James Stubbs met Rudy Gleason the summer of 2017 when they were about 3,800 miles away from the Georgia Tech campus, in Ireland. Gleason and his globetrotting family were visiting the country and Stubbs was teaching a class in medical device development – most of his career has been spent starting medical device companies, running through the product development/commercialization gauntlet.
Gleason had initially asked Stubbs about creating a monitor for preeclampsia, a pregnancy complication that is about 300 times more prevalent in the developing world. That conversation led Gleason to inviting Stubbs to join him in Africa, which he did last June.
“We met with Rudy’s collaborators and they gave us a laundry list of issues they’re dealing with,” said Stubbs, who returned to Ethiopia two months later with the four BME seniors comprising Libi Medical.

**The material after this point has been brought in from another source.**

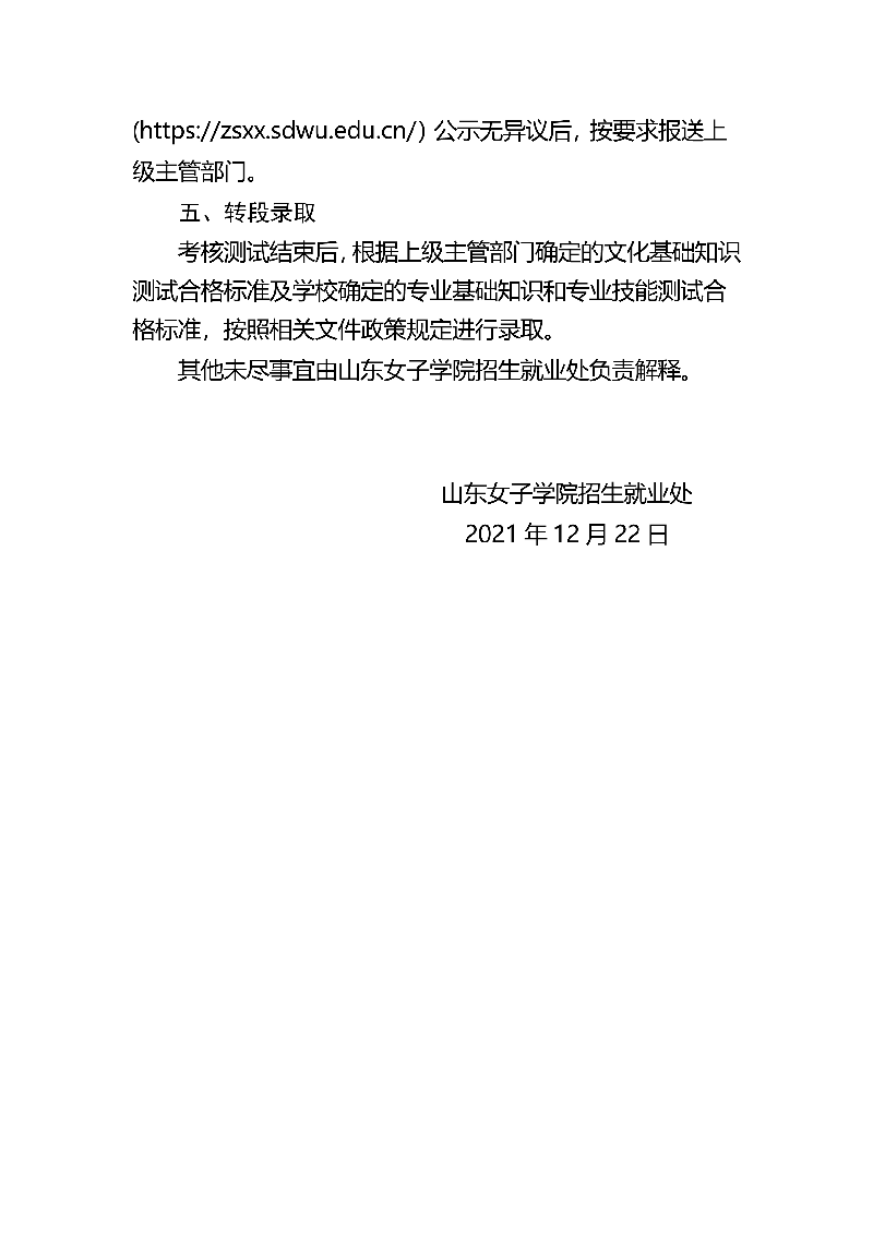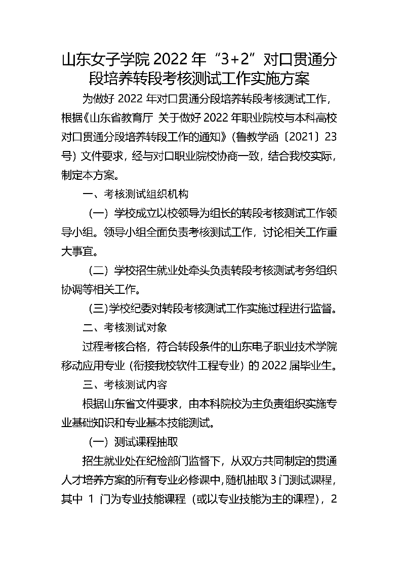 山东女子学院2022年“3+2”对口贯通分段培养转段考核测试工作实施方案

Stubbs had already pitched the idea of a Capstone team visiting Ethiopia, or another developing country, during a spring semester session about senior design. The plan was for a full-year Capstone schedule (typically, teams take the course for just one semester). Yahia Ali was at the meeting, and he told Stubbs he was interested. At first it was difficult to find students because the two-semester, full academic year approach didn’t fit with a lot of schedules.

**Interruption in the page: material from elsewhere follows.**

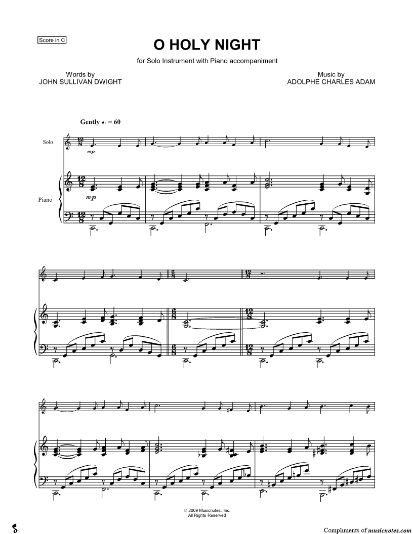 1. O Holy Night - Piano Accompaniment (click here to preview and play this piece) Composer: Lyricist: Scored For:Solo & Accompaniment and Instrumental Part Instruments:Piano Accompaniment, C Instrument 1, range: C4-E5, Violin, Oboe, Flute and Recorder Number of pages:3 Click here to purchase this piece separately for $4.99 |

But soon, Elianna Paljug was recruited. She and Ali recruited the other two members of the team, Hannah Geil and Elizabeth Kappler. The team met throughout the summer, before leaving for Ethiopia in mid August. “We’re very passionate about our project and believe we have the skills that can help,” said Paljug.
While in Addis Ababa, they visited Black Lion Hospital, a major medical center, and several other smaller facilities, “a broad range of different healthcare delivery systems,” said Kappler.
“It was strange to see modern high-rise buildings and then next to that, people living in homes made of tarp,” said Geil. “It was important to see that with our own eyes. It was also amazing to see how brilliant and resourceful the clinicians are, with what they have to work with.”
After spending five days visiting different clinics and hospitals and comparing notes about the needs local clinicians had expressed, “we narrowed it down to fetal heart monitoring,” Paljug said.
There’s a pressing need for tools to enhance healthcare in a country where the pediatric mortality rate is very high -- children under five account for 30 percent of all annual deaths in Ethiopia.
The team is in the prototyping phase of their project this semester, emphasizing, said Kappler, “design inputs that would allow this device to be used effectively and efficiently in Ethiopia.”
Then they’ll return to Ethiopia during spring semester with a prototype, so clinicians there can make their assessments, and the team can further develop the tool for manufacturing.
“A lot of high-tech solutions have been donated to clinics there before,” Paljug noted. “But then they break and there are no spare parts and there's no way to fix them, and nobody who knows how. We want to create something that enables a better standard of care, ideally something that can be manufactured and repaired in Ethiopia.”
She paused a moment, then added, “Our goal is to create a sustainable solution.”